City of Atlanta Faces Ransomware Roadblock

In the past week, the city of Atlanta has been dealing with the aftermath of a ransomware attack that effectively halted the police department’s Special Operations Section, which monitors non-emergency city functions. In a surprising twist, however, the ransomware author’s contact portal was leaked through several media outlets, prompting the author to remove the portal entirely and leaving the city with no means of paying the ransom. While the city was able to quickly return to normal operations for most employees, the recovery process will likely be ongoing for some time.

Facebook’s Data Collection Larger Than First Thought

Over the past week or so, researchers have been taking a deeper look into the data being collected by Facebook, with or without users’ permission. It was revealed that, due to lax API permissions for the Facebook installation on older versions of Android, Facebook was allowed to gather both call and SMS logs without user opt-ins. For some, extensive details of calls made by users were meticulously stored for up to several years. Details included call duration, recipient, and the date and time of the call. While Facebook claims any stored data is deleted if the user chooses to revoke permissions, users have been able to download their own data after removing the app, as the opt-in feature is the default setting when installing Facebook for the first time.

UK Anti-Doping Agency Hit By Cyber Attack

Recently, the UK’s anti-doping agency was targeted by an attack attempting to access drug testing and medical records for athletes. A Russian hacking group is believed to be responsible, as the attack comes not long after a doping scandal that affected several Russian athletes. Fortunately, the anti-doping agency has confirmed that no data was compromised in the attack and a simple reboot of their servers was all the remediation necessary.

Facebook Boosting Bounty Hunter Program After Data Handling Debacle

Following the latest scandal regarding the misuse of user data by third-party apps, Facebook has begun a complete overhaul of their bug bounty hunter program. In addition, they are reworking the company’s app review system to better determine permissions needed by apps that request access to a user’s friends list. Finally, any apps running on the Facebook platform that have been found to misuse customer data will be permanently blocked from accessing the development platform.

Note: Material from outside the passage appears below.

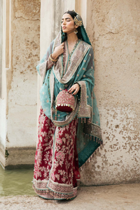 Embroidered Dupatta Ice Green (Organza) 2.50Meters Embroidered Dupatta Pallu Ice Green (Organza)2.30Meters Embroidered Neck Left & Right Embellished (Organza)1.00Piece Embroidered Front Jall (Organza)1.50Meters Embroidered Back Center Panel (Organza)1.00Piece Embroidered Back Spray (Organza)1.50Meters Embroidered Sleeves Border (Organza)0.78Meters Dyed Sleeves Extensions (Organza)0.45Meters Embroidered Neckline Jacket & Side Extensions Border (Organza)11.94Meters Embroidered Front & Back Hem Border (Organza)1.66Meters Embroidered Trouser Border (Organza)2.03Meters Dyed Trouser (Korean Silk)2.25Meters Printed Finishing For Shirt (Satin Silk)1.35Meters Dyed Inner (Thai Silk) 2.75Meters

Sanny Malware Receives Multi-Step Delivery System

While Sanny has been well known and documented for several years, a new update has completely changed the delivery method of the malware. By portioning out the steps in the attack, rather than deploying everything in one drop, Sanny is capable of bypassing any UAC prompts and making multiple checks for the operating system version. Once the malicious macro is launched from within the email attachment, it checks for the specific OS and begins downloading additional files to bypass any OS security checks and executes its final payload.